INFORMATION SHOWN >>
·····
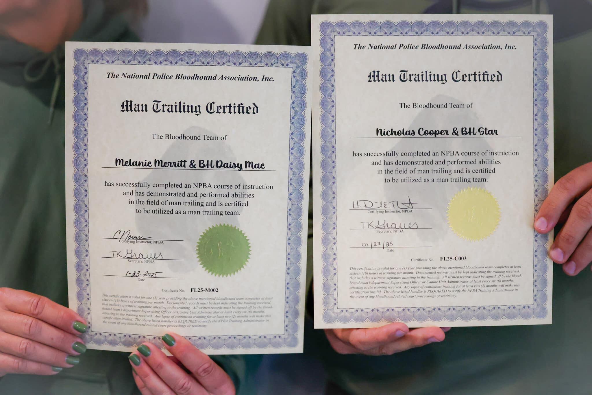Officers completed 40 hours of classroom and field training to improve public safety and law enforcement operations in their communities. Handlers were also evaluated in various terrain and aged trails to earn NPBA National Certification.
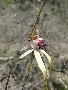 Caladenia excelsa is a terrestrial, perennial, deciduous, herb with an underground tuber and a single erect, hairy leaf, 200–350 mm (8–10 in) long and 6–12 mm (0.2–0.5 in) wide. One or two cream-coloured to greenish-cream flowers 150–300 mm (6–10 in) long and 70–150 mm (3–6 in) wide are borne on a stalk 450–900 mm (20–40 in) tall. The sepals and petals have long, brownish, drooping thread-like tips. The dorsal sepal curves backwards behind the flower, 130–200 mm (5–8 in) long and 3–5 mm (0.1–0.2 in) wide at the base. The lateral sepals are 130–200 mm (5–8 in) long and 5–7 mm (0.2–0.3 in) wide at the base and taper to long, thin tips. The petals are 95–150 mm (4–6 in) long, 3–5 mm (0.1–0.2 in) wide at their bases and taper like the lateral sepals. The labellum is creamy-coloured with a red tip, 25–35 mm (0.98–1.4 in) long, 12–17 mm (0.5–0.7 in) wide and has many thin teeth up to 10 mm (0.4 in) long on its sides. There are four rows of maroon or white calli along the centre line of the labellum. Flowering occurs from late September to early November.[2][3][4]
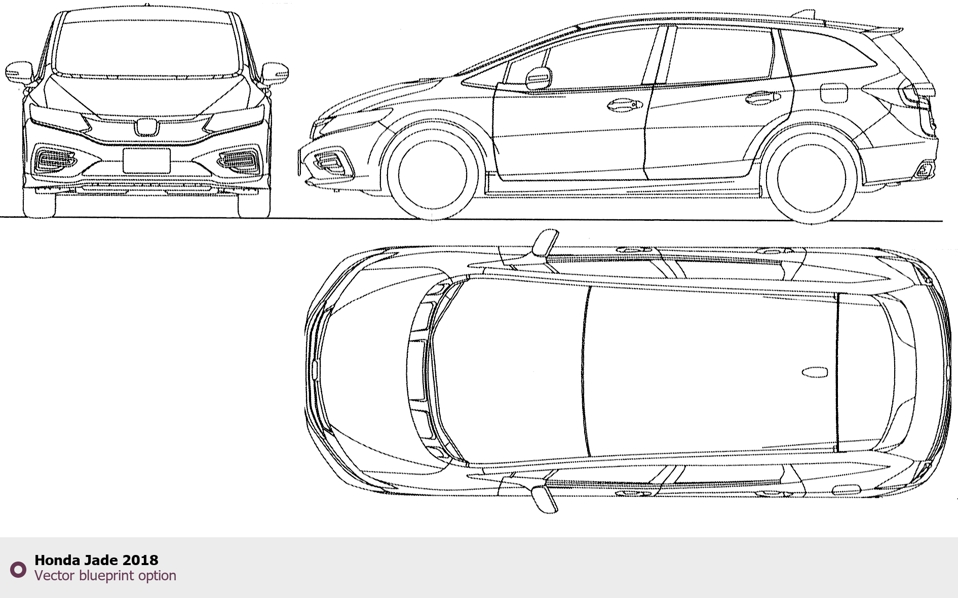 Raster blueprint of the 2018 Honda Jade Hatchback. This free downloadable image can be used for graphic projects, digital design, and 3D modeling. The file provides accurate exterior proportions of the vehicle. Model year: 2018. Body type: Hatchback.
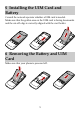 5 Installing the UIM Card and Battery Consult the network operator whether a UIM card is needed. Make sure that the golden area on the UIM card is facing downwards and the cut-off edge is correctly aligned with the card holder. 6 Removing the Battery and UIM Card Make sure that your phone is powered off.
·····
WORK INSTRUCTIONS >>
Reproduce exactly the lines above from the one with "Raster blueprint of" through the last line of the data, keeping both ends and dropping the pictures.

WRITTEN ANSWER >>
 Raster blueprint of the 2018 Honda Jade Hatchback. This free downloadable image can be used for graphic projects, digital design, and 3D modeling. The file provides accurate exterior proportions of the vehicle. Model year: 2018. Body type: Hatchback.
 5 Installing the UIM Card and Battery Consult the network operator whether a UIM card is needed. Make sure that the golden area on the UIM card is facing downwards and the cut-off edge is correctly aligned with the card holder. 6 Removing the Battery and UIM Card Make sure that your phone is powered off.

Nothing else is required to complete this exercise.